__Exercise goal__: Nothing but the records themselves, exactly as written and free of pictures, should appear in your response.

Records from a collection:
────

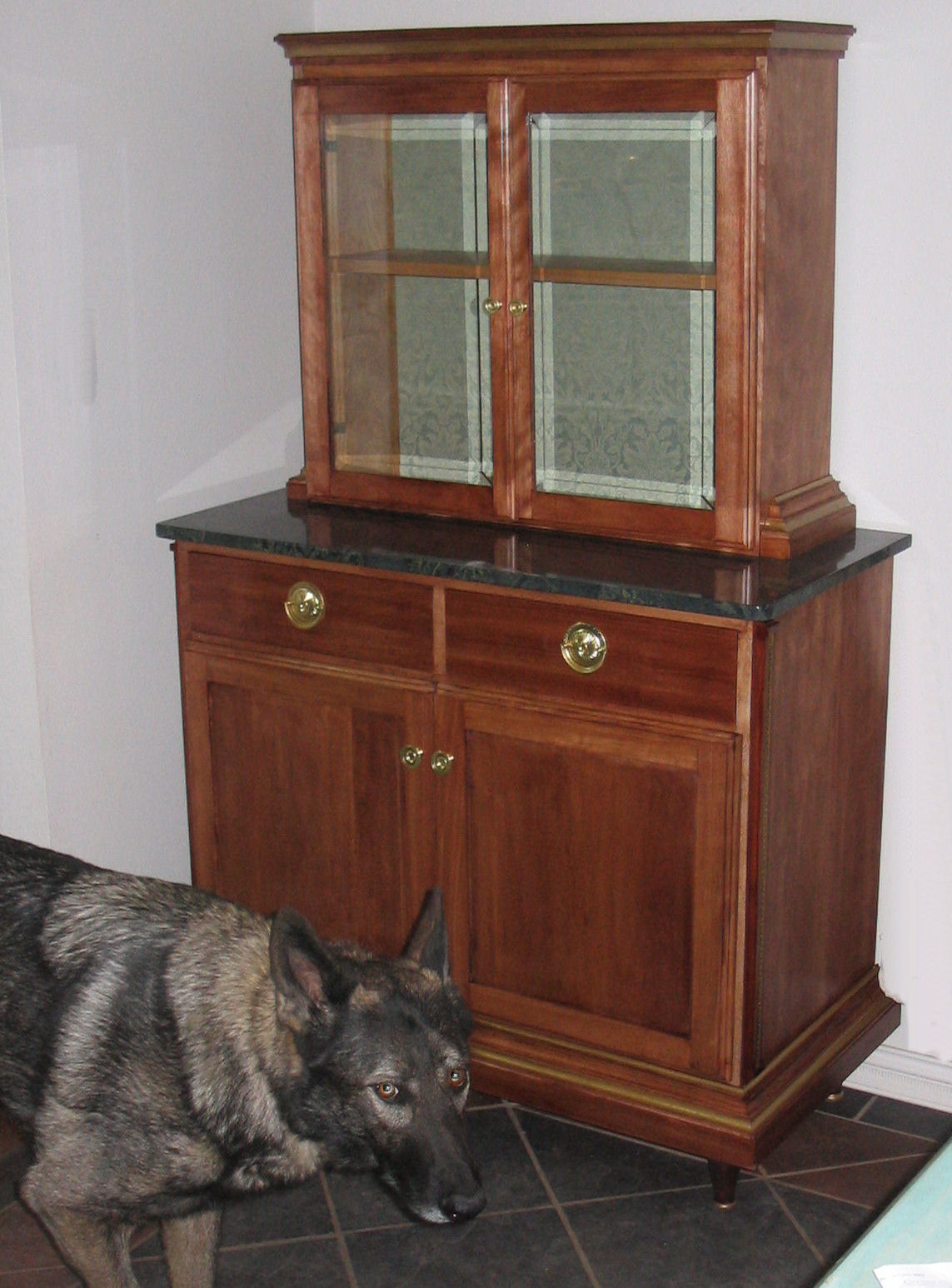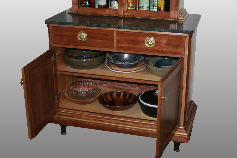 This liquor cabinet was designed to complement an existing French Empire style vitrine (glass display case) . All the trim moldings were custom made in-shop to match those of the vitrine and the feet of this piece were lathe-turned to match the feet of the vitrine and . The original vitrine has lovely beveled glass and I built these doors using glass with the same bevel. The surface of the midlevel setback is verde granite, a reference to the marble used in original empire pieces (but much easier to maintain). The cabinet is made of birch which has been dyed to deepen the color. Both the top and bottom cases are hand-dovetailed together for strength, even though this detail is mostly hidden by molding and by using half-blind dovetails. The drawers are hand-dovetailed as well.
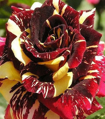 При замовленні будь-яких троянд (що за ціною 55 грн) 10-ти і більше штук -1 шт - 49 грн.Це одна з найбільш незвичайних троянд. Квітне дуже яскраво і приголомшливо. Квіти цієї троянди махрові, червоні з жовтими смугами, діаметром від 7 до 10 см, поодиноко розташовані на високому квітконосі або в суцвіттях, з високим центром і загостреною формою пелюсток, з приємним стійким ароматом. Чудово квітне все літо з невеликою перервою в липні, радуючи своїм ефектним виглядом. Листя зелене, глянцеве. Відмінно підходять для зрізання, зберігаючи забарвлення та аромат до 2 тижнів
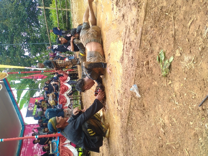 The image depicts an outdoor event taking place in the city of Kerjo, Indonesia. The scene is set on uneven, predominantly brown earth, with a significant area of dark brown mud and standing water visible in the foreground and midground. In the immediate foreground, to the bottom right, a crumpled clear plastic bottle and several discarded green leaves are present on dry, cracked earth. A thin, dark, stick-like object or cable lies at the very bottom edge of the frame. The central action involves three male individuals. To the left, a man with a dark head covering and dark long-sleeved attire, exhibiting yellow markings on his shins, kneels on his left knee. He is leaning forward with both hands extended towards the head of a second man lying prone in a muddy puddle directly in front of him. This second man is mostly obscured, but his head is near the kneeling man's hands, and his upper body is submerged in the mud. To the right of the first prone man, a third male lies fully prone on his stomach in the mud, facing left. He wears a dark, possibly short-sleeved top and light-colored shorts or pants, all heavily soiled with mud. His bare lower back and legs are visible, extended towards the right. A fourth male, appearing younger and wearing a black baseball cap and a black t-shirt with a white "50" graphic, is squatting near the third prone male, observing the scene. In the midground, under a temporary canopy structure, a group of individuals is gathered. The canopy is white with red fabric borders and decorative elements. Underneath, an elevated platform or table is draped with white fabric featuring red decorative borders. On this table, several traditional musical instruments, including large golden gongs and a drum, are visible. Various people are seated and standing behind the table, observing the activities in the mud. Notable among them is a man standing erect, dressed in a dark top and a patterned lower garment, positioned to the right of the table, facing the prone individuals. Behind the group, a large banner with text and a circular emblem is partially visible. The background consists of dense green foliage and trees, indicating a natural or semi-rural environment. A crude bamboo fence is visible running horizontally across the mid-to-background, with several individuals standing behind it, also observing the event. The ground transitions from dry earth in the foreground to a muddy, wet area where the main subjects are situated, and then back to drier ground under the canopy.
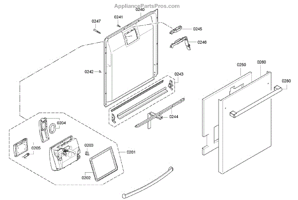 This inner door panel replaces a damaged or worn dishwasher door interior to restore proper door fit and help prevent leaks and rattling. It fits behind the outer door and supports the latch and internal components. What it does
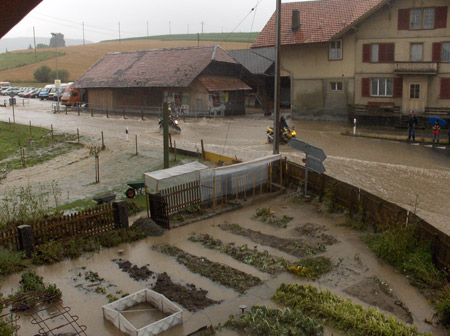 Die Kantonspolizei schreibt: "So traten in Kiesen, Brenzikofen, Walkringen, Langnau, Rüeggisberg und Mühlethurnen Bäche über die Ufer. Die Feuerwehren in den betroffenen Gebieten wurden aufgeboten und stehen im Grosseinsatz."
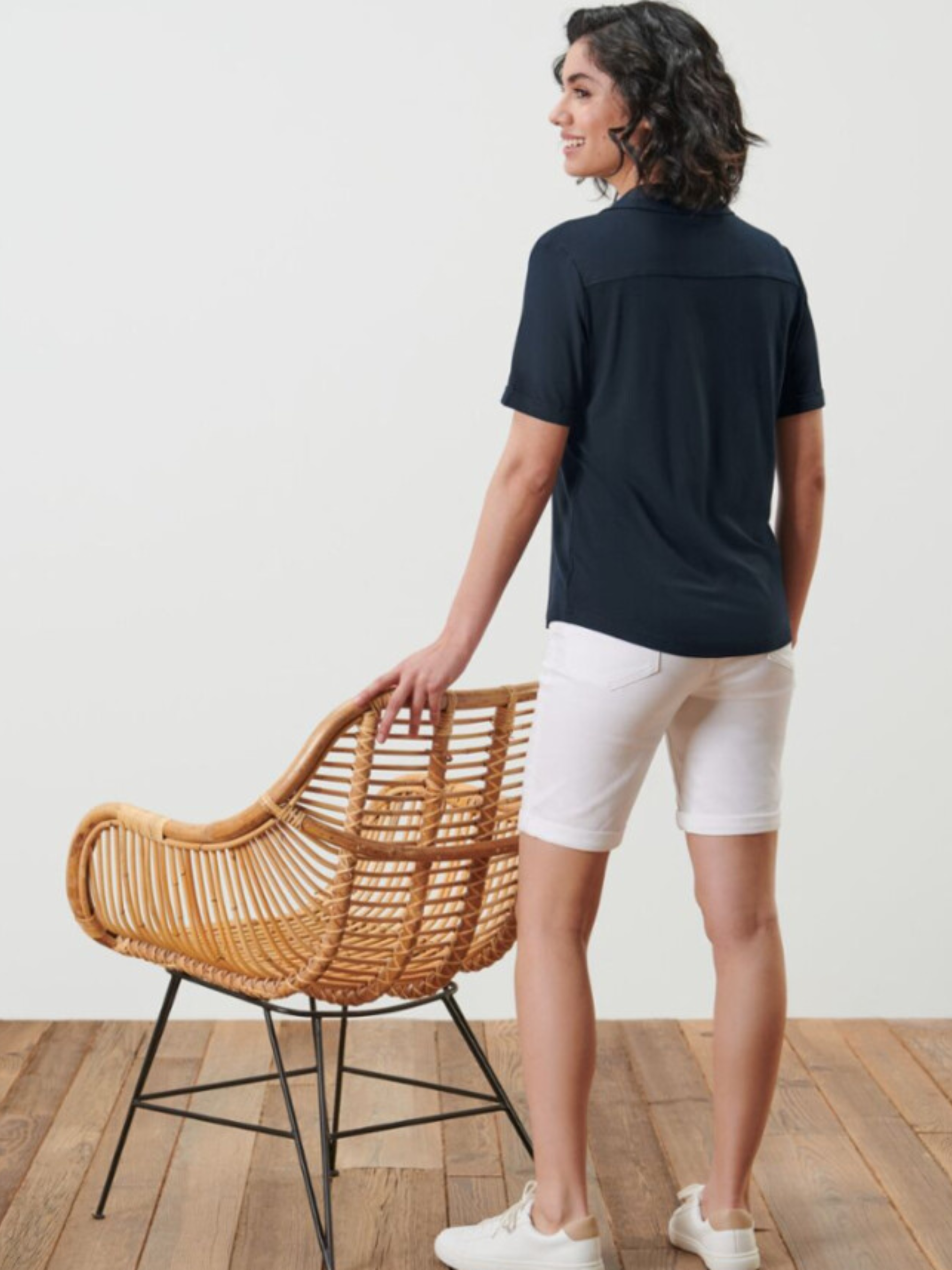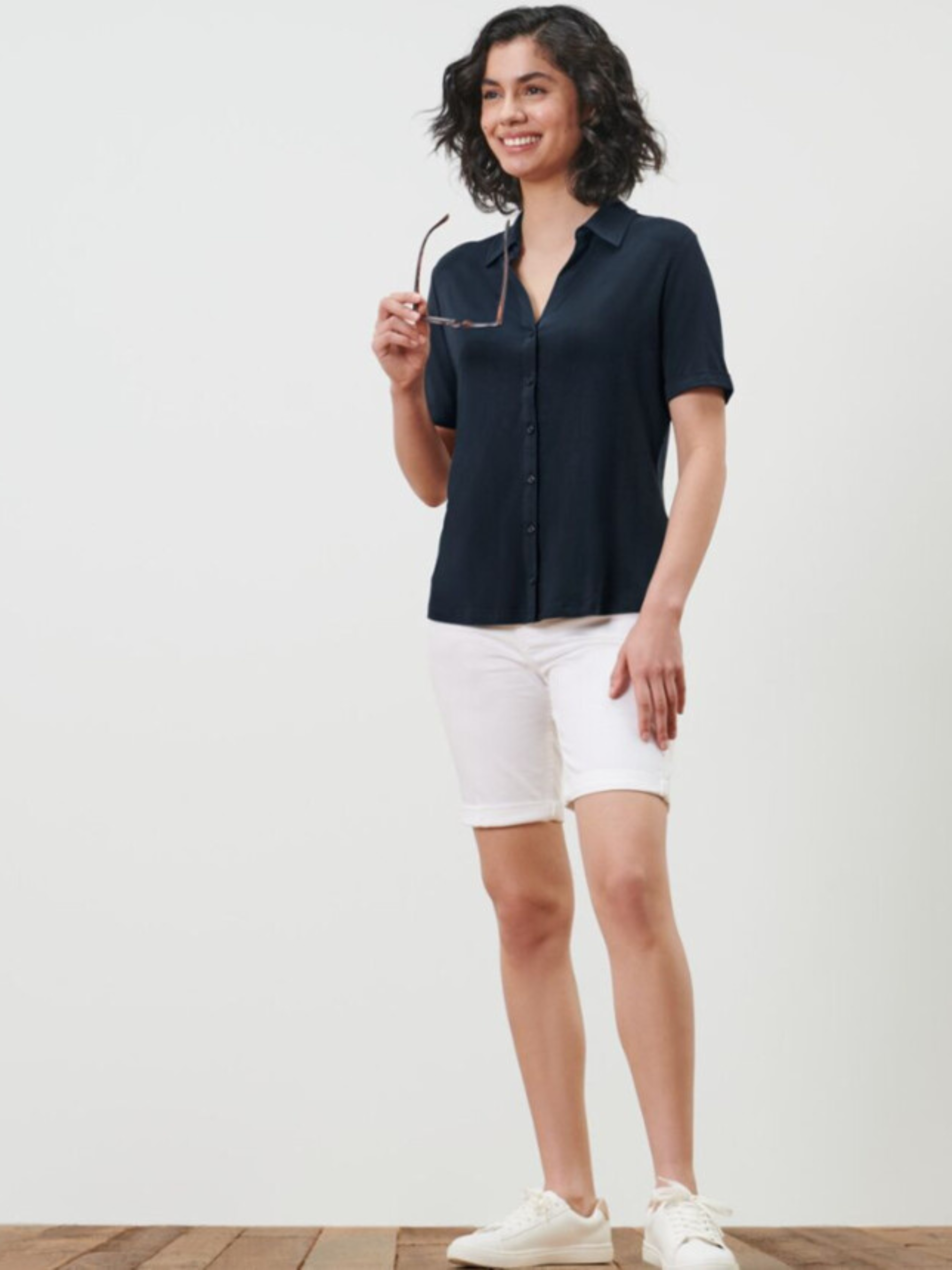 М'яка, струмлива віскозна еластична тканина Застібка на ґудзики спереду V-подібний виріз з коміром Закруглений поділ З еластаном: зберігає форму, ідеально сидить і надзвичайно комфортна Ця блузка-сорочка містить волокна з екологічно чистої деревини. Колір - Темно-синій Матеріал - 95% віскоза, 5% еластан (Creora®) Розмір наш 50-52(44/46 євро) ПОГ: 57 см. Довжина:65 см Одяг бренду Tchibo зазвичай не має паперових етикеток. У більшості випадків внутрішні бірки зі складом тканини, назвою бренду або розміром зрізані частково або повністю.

────

__Response to this exercise__:
 This liquor cabinet was designed to complement an existing French Empire style vitrine (glass display case) . All the trim moldings were custom made in-shop to match those of the vitrine and the feet of this piece were lathe-turned to match the feet of the vitrine and . The original vitrine has lovely beveled glass and I built these doors using glass with the same bevel. The surface of the midlevel setback is verde granite, a reference to the marble used in original empire pieces (but much easier to maintain). The cabinet is made of birch which has been dyed to deepen the color. Both the top and bottom cases are hand-dovetailed together for strength, even though this detail is mostly hidden by molding and by using half-blind dovetails. The drawers are hand-dovetailed as well.
 При замовленні будь-яких троянд (що за ціною 55 грн) 10-ти і більше штук -1 шт - 49 грн.Це одна з найбільш незвичайних троянд. Квітне дуже яскраво і приголомшливо. Квіти цієї троянди махрові, червоні з жовтими смугами, діаметром від 7 до 10 см, поодиноко розташовані на високому квітконосі або в суцвіттях, з високим центром і загостреною формою пелюсток, з приємним стійким ароматом. Чудово квітне все літо з невеликою перервою в липні, радуючи своїм ефектним виглядом. Листя зелене, глянцеве. Відмінно підходять для зрізання, зберігаючи забарвлення та аромат до 2 тижнів
 The image depicts an outdoor event taking place in the city of Kerjo, Indonesia. The scene is set on uneven, predominantly brown earth, with a significant area of dark brown mud and standing water visible in the foreground and midground. In the immediate foreground, to the bottom right, a crumpled clear plastic bottle and several discarded green leaves are present on dry, cracked earth. A thin, dark, stick-like object or cable lies at the very bottom edge of the frame. The central action involves three male individuals. To the left, a man with a dark head covering and dark long-sleeved attire, exhibiting yellow markings on his shins, kneels on his left knee. He is leaning forward with both hands extended towards the head of a second man lying prone in a muddy puddle directly in front of him. This second man is mostly obscured, but his head is near the kneeling man's hands, and his upper body is submerged in the mud. To the right of the first prone man, a third male lies fully prone on his stomach in the mud, facing left. He wears a dark, possibly short-sleeved top and light-colored shorts or pants, all heavily soiled with mud. His bare lower back and legs are visible, extended towards the right. A fourth male, appearing younger and wearing a black baseball cap and a black t-shirt with a white "50" graphic, is squatting near the third prone male, observing the scene. In the midground, under a temporary canopy structure, a group of individuals is gathered. The canopy is white with red fabric borders and decorative elements. Underneath, an elevated platform or table is draped with white fabric featuring red decorative borders. On this table, several traditional musical instruments, including large golden gongs and a drum, are visible. Various people are seated and standing behind the table, observing the activities in the mud. Notable among them is a man standing erect, dressed in a dark top and a patterned lower garment, positioned to the right of the table, facing the prone individuals. Behind the group, a large banner with text and a circular emblem is partially visible. The background consists of dense green foliage and trees, indicating a natural or semi-rural environment. A crude bamboo fence is visible running horizontally across the mid-to-background, with several individuals standing behind it, also observing the event. The ground transitions from dry earth in the foreground to a muddy, wet area where the main subjects are situated, and then back to drier ground under the canopy.
 This inner door panel replaces a damaged or worn dishwasher door interior to restore proper door fit and help prevent leaks and rattling. It fits behind the outer door and supports the latch and internal components. What it does
 Die Kantonspolizei schreibt: "So traten in Kiesen, Brenzikofen, Walkringen, Langnau, Rüeggisberg und Mühlethurnen Bäche über die Ufer. Die Feuerwehren in den betroffenen Gebieten wurden aufgeboten und stehen im Grosseinsatz."
 М'яка, струмлива віскозна еластична тканина Застібка на ґудзики спереду V-подібний виріз з коміром Закруглений поділ З еластаном: зберігає форму, ідеально сидить і надзвичайно комфортна Ця блузка-сорочка містить волокна з екологічно чистої деревини. Колір - Темно-синій Матеріал - 95% віскоза, 5% еластан (Creora®) Розмір наш 50-52(44/46 євро) ПОГ: 57 см. Довжина:65 см Одяг бренду Tchibo зазвичай не має паперових етикеток. У більшості випадків внутрішні бірки зі складом тканини, назвою бренду або розміром зрізані частково або повністю.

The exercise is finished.